Tuesday 11 February 2014

Why VLAIS is bad

At the beginning of the month I was at FOSDEM interfacing and watching talks on behalf of HP's Advanced Technology Group.  Since my core passion is working on and debugging C code I went to several talks on Clang, Valgrind and other similar technologies.  Unfortunately there I several talks I couldn't get into due to the sheer popularity of them but I hope to catch up with video in the future.

One talk I went to was on getting the Linux kernel to compile in Clang.  It appears that there are many changes which are down to Clang being a minimum of C99 compliant and GCC supporting some non-standard language extensions.

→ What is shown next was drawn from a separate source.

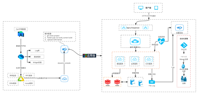 3. Flutter Web和Fair Sdk:Flutter Web提供Fair产物的打包上传、环境切换和动态化编译功能,Fair SDK主要负责Fair资源产物的下载、缓存和加载功能

The one language extension which stood out for me was called VLAIS which stands for Variable Length Arrays In Structs.  Now, VLAs (Variable Length Arrays) are nothing new in C they have been around a long time.  What we are talking about here are variable length arrays at any point in the struct.  For example:

void foo(int n) {
    struct {
        int x;
        char y[n];
        int z;
    } bar;
}

The char in this struct is what we are talking about here.  This kind of code is used in several places in the kernel, for the most part it is used in encryption algorithms.

How did it get added to GCC?


It came about around 2004 in what appears to be a conversion of a standard from ADA to C.  There is a mailing list post on it here.  It has since been used in the kernel and I can understand the argument that the kernel was never intended to be compiled with anything other than GCC.  But the side of me that likes openness and portability is not so keen.  I suspect the problems that currently plague the kernel for Clang also affect compilers such as Intel's ICC and other native CPU manufacturer's compilers.

So why is it bad?


Well, to start with there is the portability issue.  Any code that uses this will not compile in other compilers.  If you turn on the pedantic C99 flags in GCC it won't compile either (if you aren't doing this then you really should, it shakes out lots of bugs).  Once Linus Torvalds found out about the usage of it in the kernel he called it an abomination and asked for it to be dropped.

Next there is debugging.  I'm not even sure if debuggers understand this and if they do I can well imagine it being difficult to work with, especially if you need to track Z in the example above.

There is the possibility of alignment issues.  Some architectures work much better when the structs are byte aligned by a certain width.  This will be difficult to do with a VLAIS in the middle of the struct.

In general I just don't think it is clean code and if it were me I would be using pointers and allocated memory instead.

Of course this is all my opinion and I'm sure people have other views that I haven't thought of.  Please use the comments box to let me know what you think about VLAIS and its use in the kernel.  You can find out more in the Linux Plumbers Conference 2013 slides.

1 comment:

  1. I completely agree with you on this. I just don't see any reason for VLAIS to be supported. It's pretty much a vestigial tail at this point that should be removed.